Participation Criteria

Researchers look for people who fit a certain description, called eligibility criteria. Some examples of these criteria are a person's general health condition or prior treatments.

Eligibility Criteria

Ages Eligible for Study

18 years to 90 years (ADULT, OLDER_ADULT)

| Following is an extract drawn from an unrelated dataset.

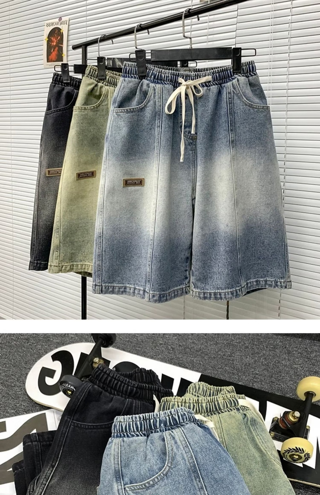 아메리칸 스타일 패션 브랜드 분위기 옐로우 클레이 데님 반바지 남자와 여자의 여름 튀김 거리 잘 생긴 느슨한 캐주얼 바지스토어 가기

Accepts Healthy Volunteers

Genders Eligible for Study

All

Description

Key Inclusion Criteria:

Recent (< = 7 days) Acute Coronary Syndrome (ACS).
Clinically stable on optimal treatment

Key Exclusion Criteria:

High bleeding risk.
Ongoing anticoagulant use.
Need for chronic (>3 months) daily nonsteroidal anti-inflammatory drug (NSAID) or chronic high dose acetylsalicylic acid (ASA) use (>325 mg/day

Study Plan

This section provides details of the study plan, including how the study is designed and what the study is measuring.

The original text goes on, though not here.